Our debt is no Greek tragedy
Jonathon Hazell criticises the line of argument claiming that Britain was ever at risk of becoming the next Greece
“The threat of rising interest rates is a Greek tragedy we must avoid.” This was the title of a 2009 Daily Telegraph piece by George Osborne, pushing massive spending cuts as the only solution to a coming debt crisis. It’s tempting to believe anyone who still makes it is either deliberately disingenuous, or hasn’t been paying attention.
The line of reasoning goes as follows: Britain’s high and rising public debt causes investors to take fright and sell government bonds because the UK might default on those bonds.
Interest rates then spike up because as less people want to hold UK debt, the government has to pay them more for the privilege, so that the cost of borrowing becomes more expensive and things become very, very bad for everyone.
This argument didn’t make sense back in 2009, and certainly doesn’t make sense now. Ultimately this whole Britain-as-Greece argument is disturbing because it makes the austerity project of the last three years look deeply duplicitous.
If you go to any bond desk in the City that trades British sovereign debt, money managers care about one thing – what the Bank of England does or doesn’t do. If Governor Mark Carney says interest rates should fall and looks like he believes it, they fall. End of story.
Why? Because the Bank directly controls the interest rate on short-term government debt, so it can vary it at will in line with any given objective. Interest rates on long-term government debt are governed by what markets expect to happen to short term rates, and so are subject to essentially the same considerations.
It doesn’t matter if investors get scared and dump government bonds because this has no implication for interest rates – it is what the Bank of England wants to happen that counts.
If investors do suddenly decide to flee en masse, the Bank can simply use its various tools to bring interest rates back into line.
The simple point is that since countries like the UK have a free-floating currency, the Bank of England doesn’t have to vary interest rates to keep the exchange rate stable.

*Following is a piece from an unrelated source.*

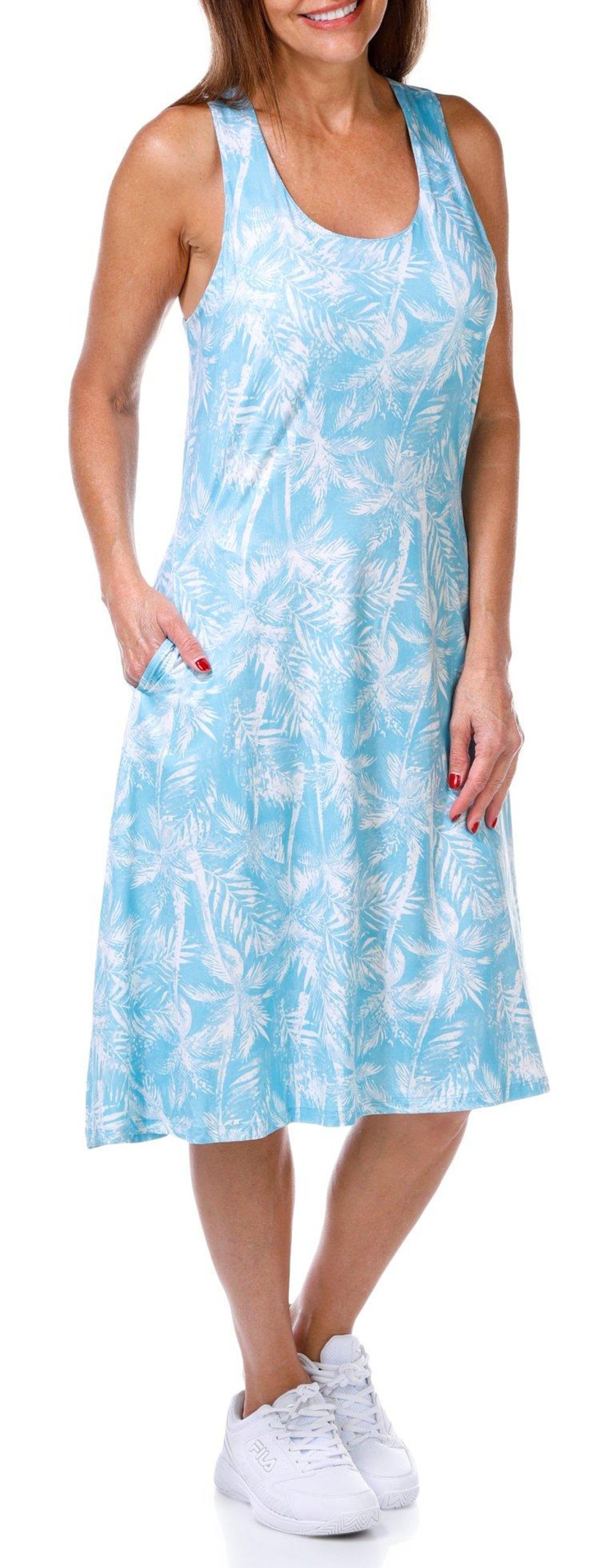 This Women’s Active Tank Dress combines performance and style with a bold print, built-in padded bra, and racerback design. Engineered with UPF 50 sun protection, moisture wicking, side seam pockets, quick dry, and cooling technology, it keeps you comfortable and confident from workouts to weekends. Fabrication 88% polyester, 12% spandex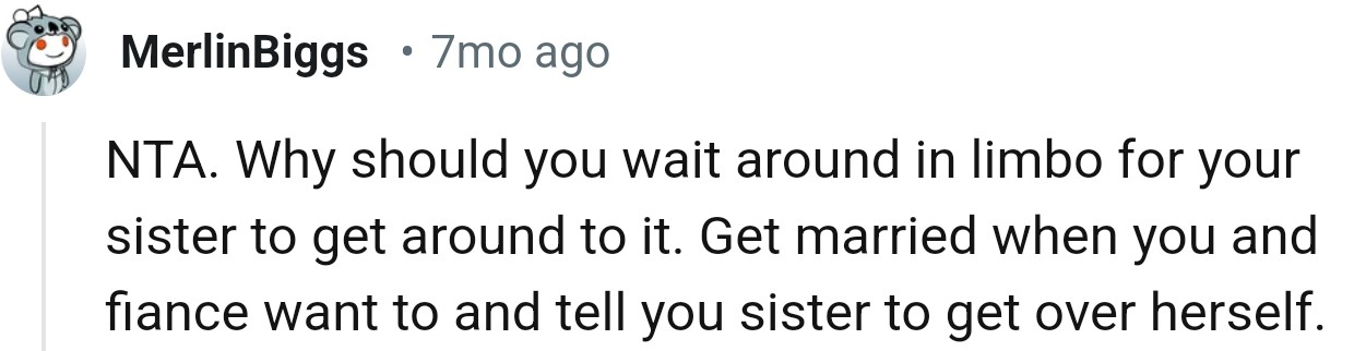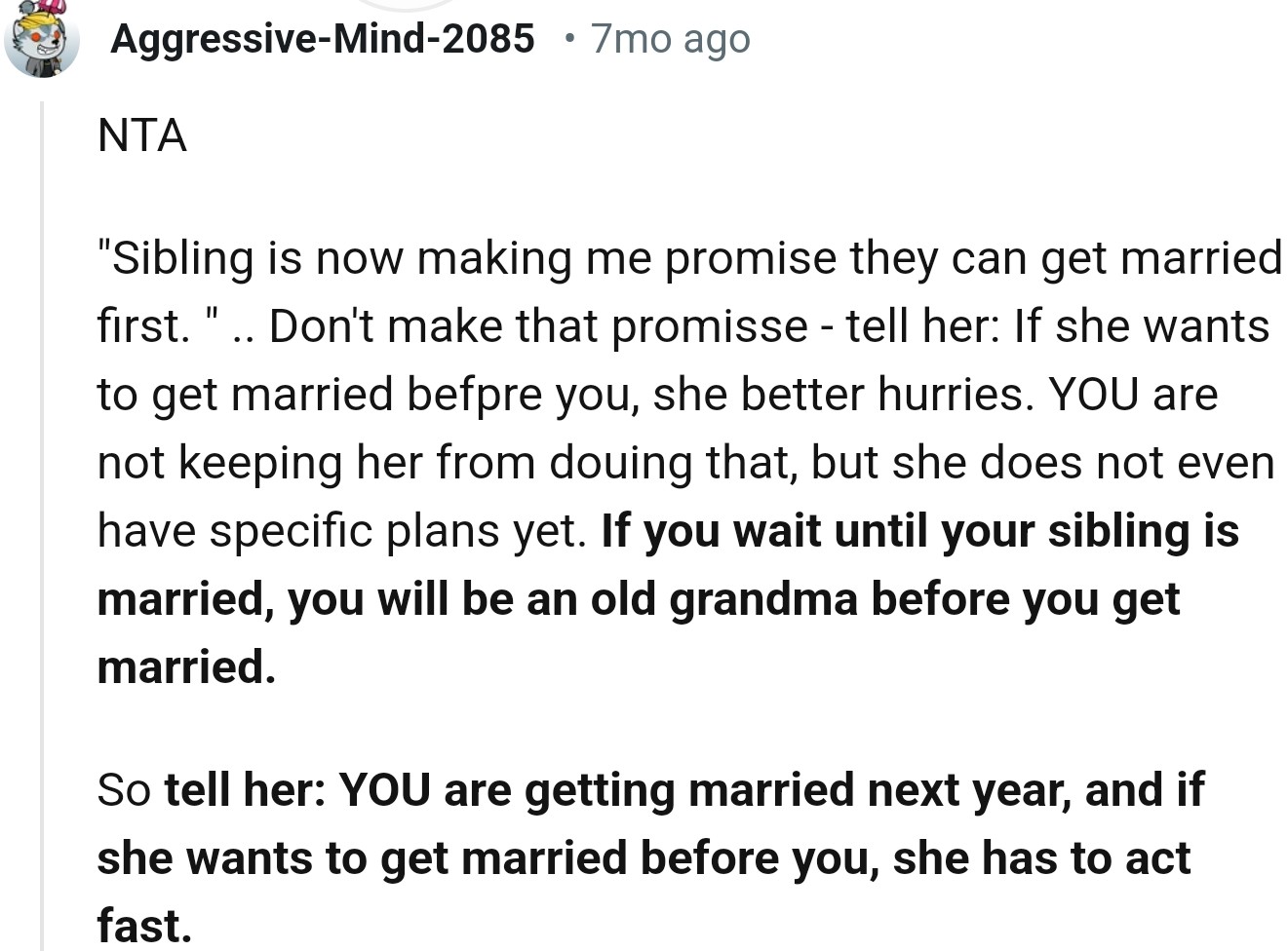 OP’s sibling wants them to put a hold on their upcoming wedding. Apparently, this sibling wants to get married first before OP

Therefore it, as an independent central bank, can prevent a debt crisis by controlling the cost of government borrowing directly. Investors understand this, and so don’t flee British government debt in the first place.
Greece and the other troubled Eurozone countries are in a totally different situation. They don’t have their own currency, and have a single central bank, the ECB, which tries to juggle the needs of 17 different member states. This is a central bank dominated by Germany, which apparently isn’t bothered by letting the interest rates of other nations spiral out of control. Investors, knowing this, made it happen during the financial crisis.
On these grounds, the case of Britain and those of the Eurozone countries are not remotely comparable – and basic intuition suggests steep interest rate rises are only possible in the latter.
Britain was never going to enter a sovereign debt crisis. It has everything to do with an independent central bank, and nothing to do with the size of government debt. How well does this explanation stand up given the events of the last few years? Almost perfectly. The US, Japan and the UK are the three major economies with supposed debt troubles not in the Eurozone.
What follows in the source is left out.